Python was built to be as readable as possible and is an early tool used in the programming of quantum computers. Python is a kind of lingua franca, as Savoie pointed out. In fact, it is a programming language that allows many people to enter many fields and design solutions at the quantum level and in machine learning, thus offering the possibility to interact with many hardware devices by having libraries that are easy to use and implement.

Phython’s experience with widely used FPGAs leads us into an awareness of what is going on in the hardware and it’s time-critical. Roll thinks that the fact that time has a physical meaning is one of the key features that makes quantum programming very different. So if you delay in operation, you’re doing something completely different, teaching the qubits different things.

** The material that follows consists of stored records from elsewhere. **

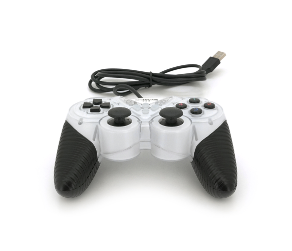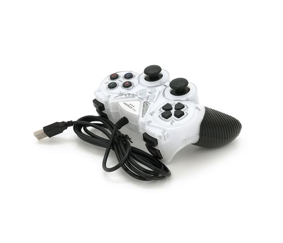 Геймпад Brazzers BR-8600 - це провідний ігровий контролер, призначений для використання з комп'ютером. Він виконаний у білому кольорі та забезпечує зручність та задоволення від ігрового процесу завдяки функції Double Shock.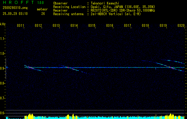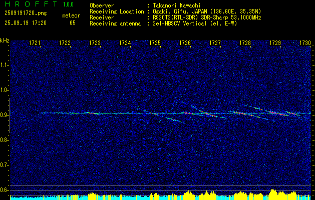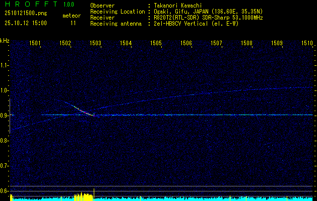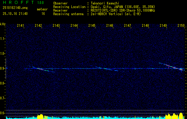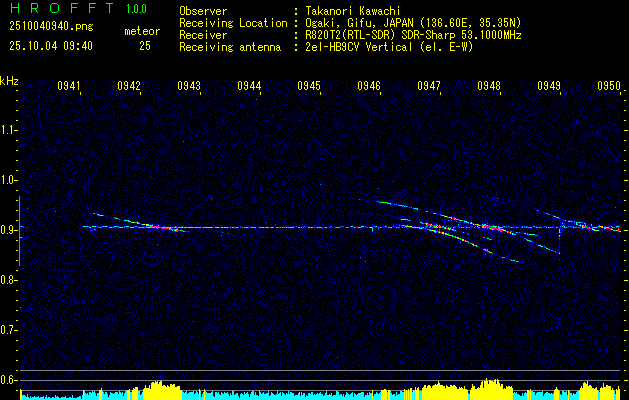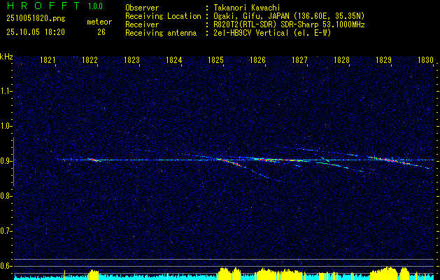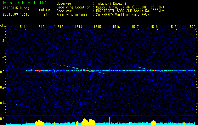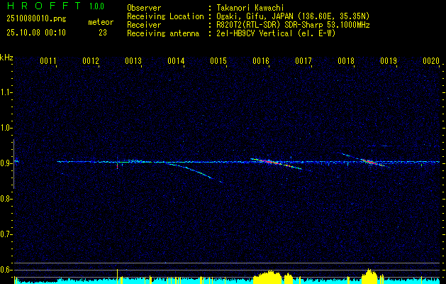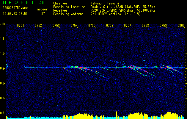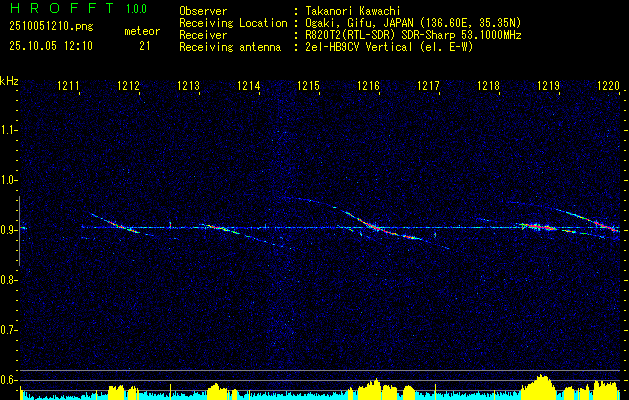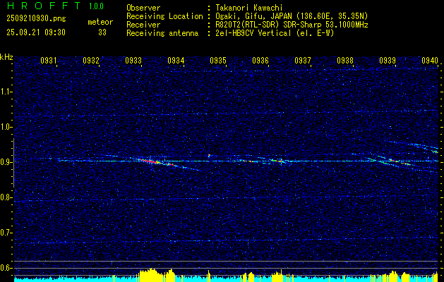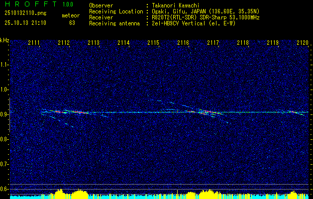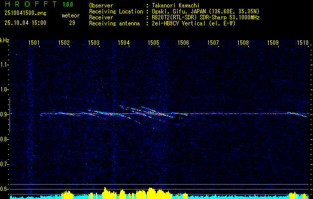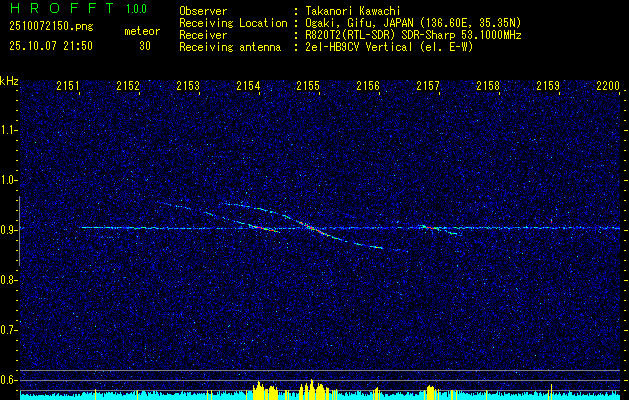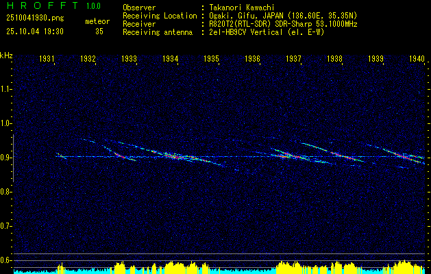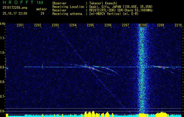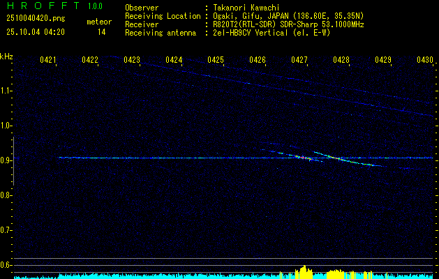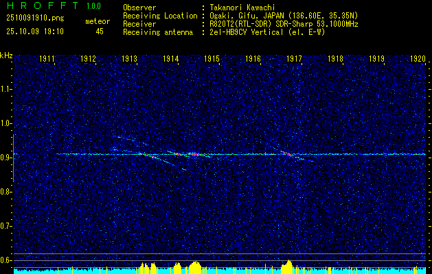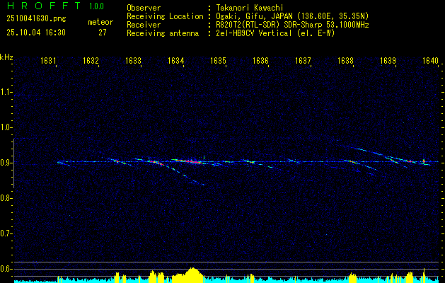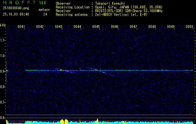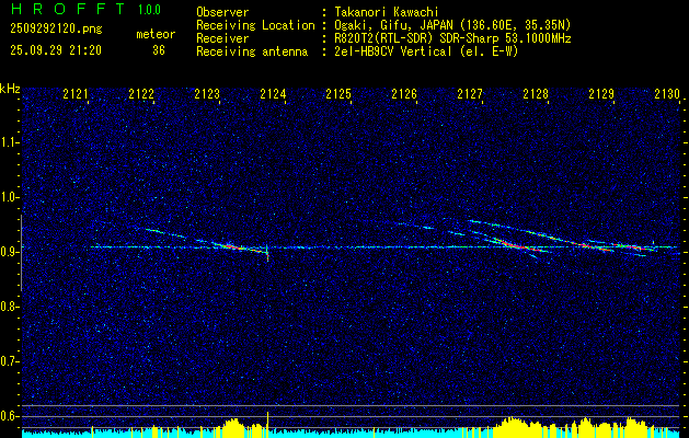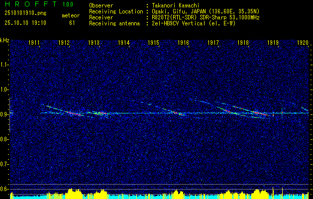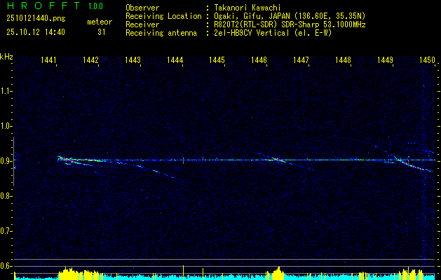 0.9kHz附近に発生している『点』または『塊』が流星によるエコーです.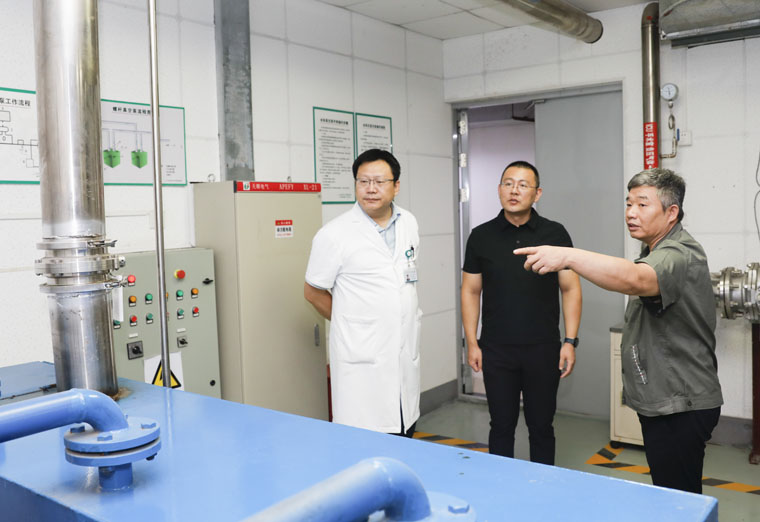 马景涛副院长向各班组人员详细询问、了解各类设备的运转、安全保障设施、雨污分流、高压配电断电自动切换、冷凝水回收再利用等情况,他表示,管理人员要注意设备的使用年限和运行状态,要根据设备的折损情况和环保排放标准要求,提前判断设备的改换节点,并制定应对方案,消除安全隐患,确保各类设备安全运转,保障科室的使用需求。班组和运维单位严格按照规范做好运维工作,要与保卫处联合对自行车存放点的无主车辆依规清理。对部分损坏的水泵等设施要尽快维修,恢复使用。他强调,节日期间各班组要做好值班值守工作,保持通讯畅通,及时解决临床反馈的各类问题,为“双节”期间医院正常运转保驾护航。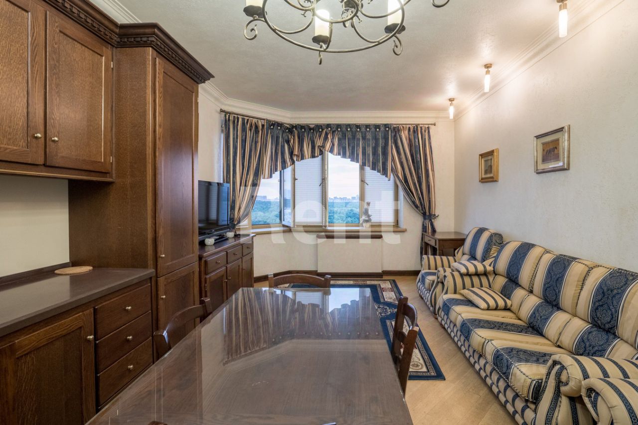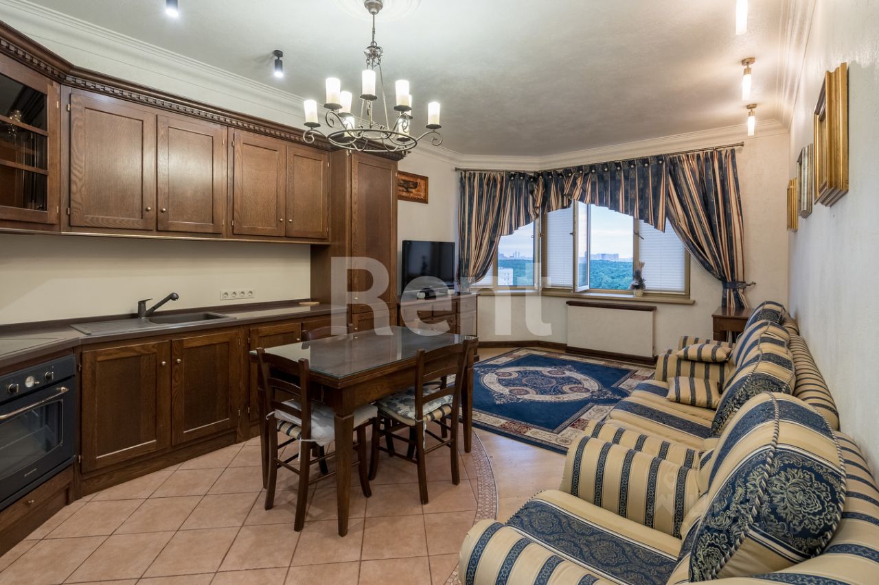 Средиземноморский пейзаж в прихожей, создающий ощущение солнечных летних дней, скрывает вместительную гардеробную и плавно перетекает в просторные комнаты. Роскошная гостиная объединена с прекрасно оборудованной кухней, а в лаконичной спальне есть выход на застекленную лоджию, откуда открывается замечательный вид на Тимирязевский лес.

“Python was chosen because it is the simplest language, easily accessible to everyone,” said Nguyen. “There is no compiler to set up with libraries. It’s a bit like the iPhone, there’s an app for that, but in Python there’s a library that solves almost all the problems.”

Standardization

Standardization in quantum terms is crucial. Roll said that there is an attempt to interface the control software and make use of all the particularities of the hardware so that all experiments of a scientific nature can be done. At the same time, the platform must retain its usefulness for different configurations, thus requiring standardization.

This is a very important process to ensure the widespread use of quantum computers. It is currently in an experimental phase, but we will soon see solutions at a commercial level. The most important thing is not really to have the maximum number of qubits. Even a small number of low-noise qubits can satisfy many applications.

The first quantum advantage in production reality will come with quantum machine learning. “By using related techniques, it is possible to use a relatively small quantum device to produce probability distributions that are very difficult to achieve in a standard way,” said Savoie. “You don’t have to change the infrastructure of what we’re doing with neural networks. I really think it’s very promising in the short term.”

As Rol pointed out, calibration and characterization are two important areas in quantum software. This bottleneck will require a lot of work over the next few years to get a quantum system to finally do its job.

Damien’s idea is to have a flexible open-source community so that everyone can speak a single language to better finalize the activities of a quantum computer.